新型コロナウイルスの蔓延を食い止められず、肺炎を起こした際の致死率は世界ワーストとも報じられるようになっているイタリア。そこで1人でも多くの命を救おうと尽力してきたある救命救急士が、まだ40代の若い命を落としてしまった。
■突然39℃の高熱
新型コロナウイルスの感染者において、最も高い致死率を記録しているイタリア・ロンバルディア州。そのベルガモ県で救命救急士として活動していたディエゴ・ビアンコさんという47歳の隊員が、同ウイルスに感染して亡くなったことが伝えられた。

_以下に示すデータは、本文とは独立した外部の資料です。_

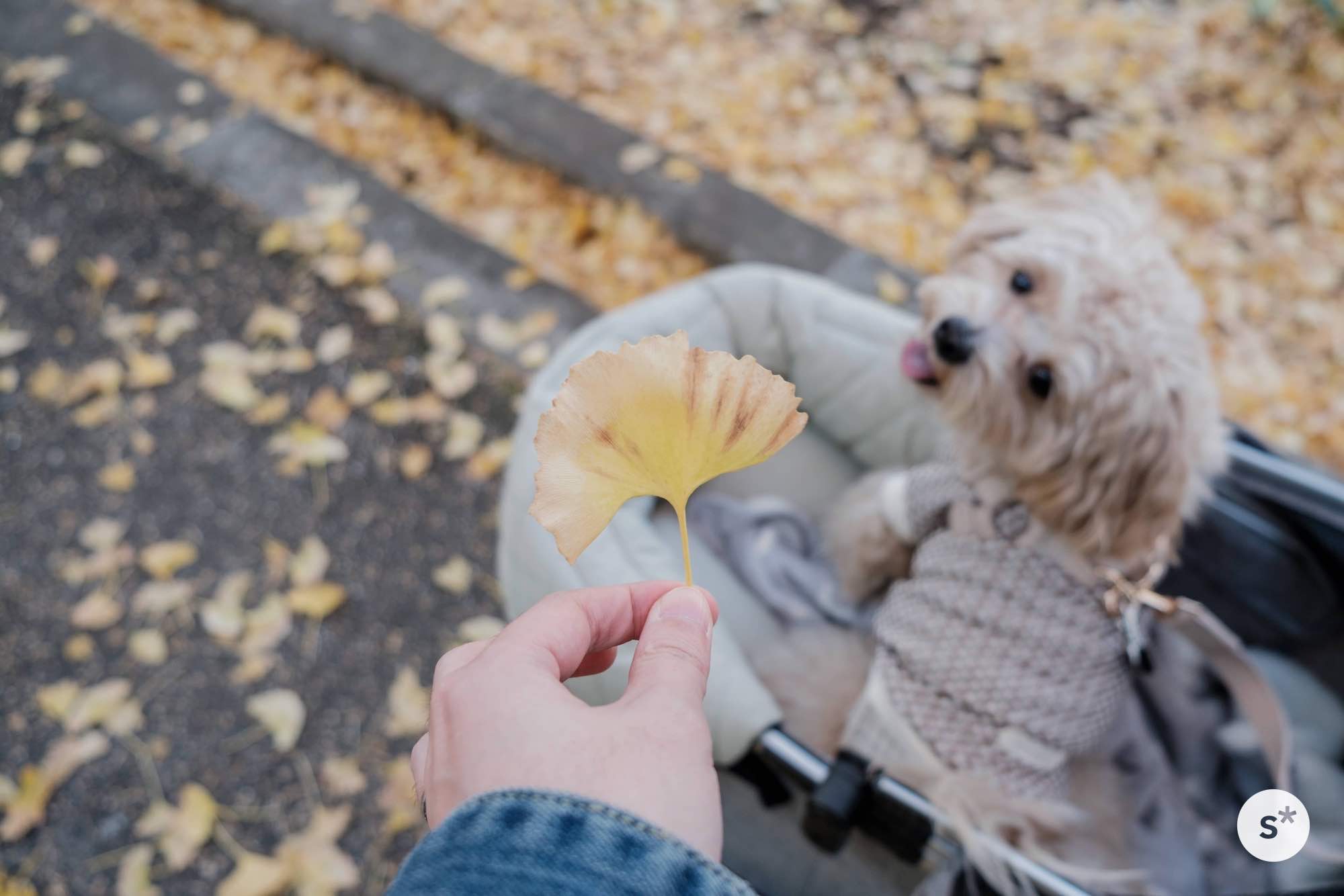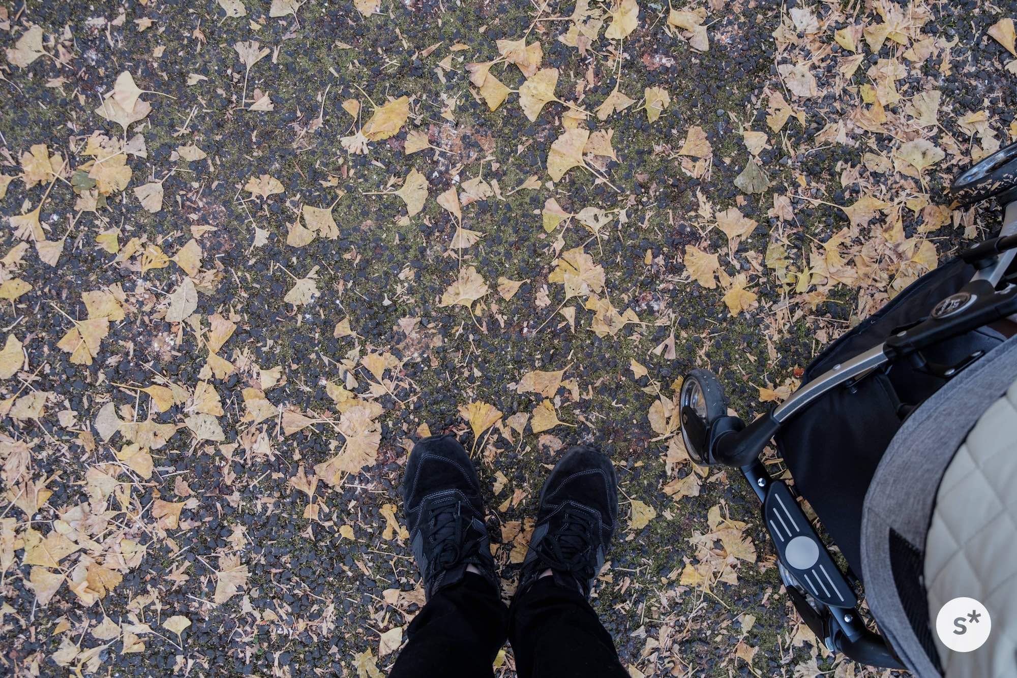 少しずつ進んでいきます。歩いていると黄色いイチョウの葉がカートの中に舞い降りてきて、秋が目の前にあることを感じさせます。

3月7日に摂氏39度の高熱が出て12日のウイルス検査で陽性が判明し、体調の急変により14日に死亡したという。
■防護服に消毒も徹底
新型ウイルスの感染拡大により救急車の要請が急増し、現場では救命救急士らも一層気を引き締めて患者の搬送にあたっていた。ビアンコさんも頻繁な消毒を心がけ、防護服を常に正しく着用していたという。
マニュアル通りの防護体制を徹底して守っていた隊員が感染したという事実に、関係当局は大きなショックを受けている。
■突然の呼吸困難
高熱で体調不良に陥っても会話を交わすことができたビアンコさん。しかし妻が部屋を離れて間もなく呼吸困難に陥り、2時間後には心停止の状態で発見された。最愛の夫を亡くし、妻は8歳の息子を抱え悲しみに打ちひしがれている。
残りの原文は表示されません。